The safety catch with guns

Fear is a powerful motivator, despite rarely lining up with the facts. Pointing out that Americans are over 3,000 times more likely to be killed by guns than terrorism doesn’t reduce their fear.

Gun deaths are perceived as ‘normal’ events, whereas acts of terrorism are front of mind for the same reason they’re not actually likely to hurt us – they’re one offs. It’s called the availability bias; we recall stand out events more than everyday ones.

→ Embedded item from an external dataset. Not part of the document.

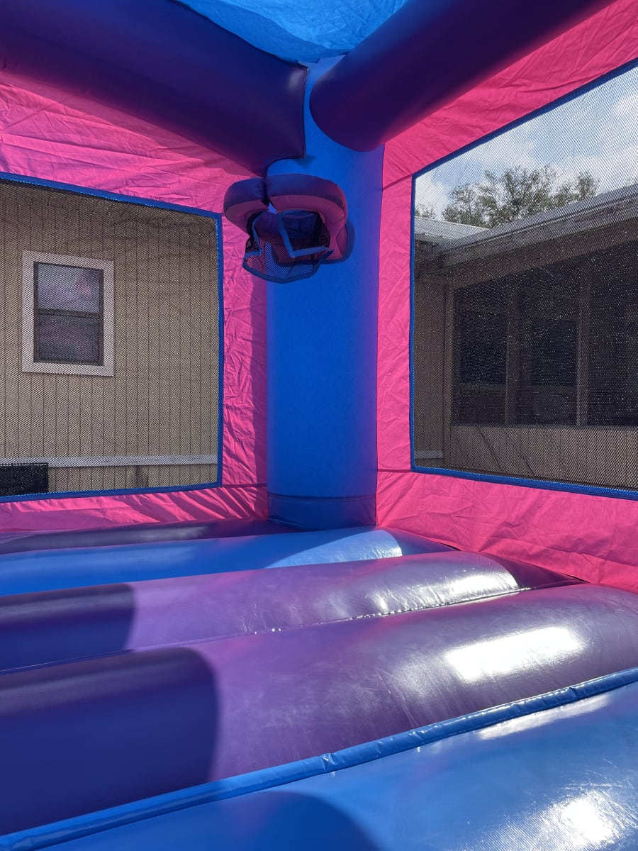 Turn your child's dream into a fairytale reality with our enchanting Princess Party bounce house! Designed in delightful shades of pink, blue, and purple, this princess castle bounce house creates the ultimate backdrop for birthdays, family gatherings, or community events. With its spacious interior and built-in basketball goal, it's the perfect combination of fun, exercise, and imagination for kids of all ages.

Our inability to accurately estimate risk is not only a maths fail (not being able to work out the difference between a 1-in-a-million risk and 1-in-a-thousand risk), but often inflated by a range of factors which boost our perception of risk; the more random and catastrophic the event and the more helpless we feel to stop it, the higher we perceive the level of risk.

Terrorist attacks are, by their nature, big news. Despite (and because of) their rarity, the media is saturated with ghastly images and the threat builds up in our minds. A study in the article showed there was more acute stress from repeated media exposure to the Boston Marathon Bombing than being at or near the bombing itself.

Lightning, buses and even falling out of bed kills more US citizens than all Jihadists. The point is, none of those provoke the same basic fear as a random attack.

As any behavioural scientist will tell you, feelings prompt more behaviour change than knowledge.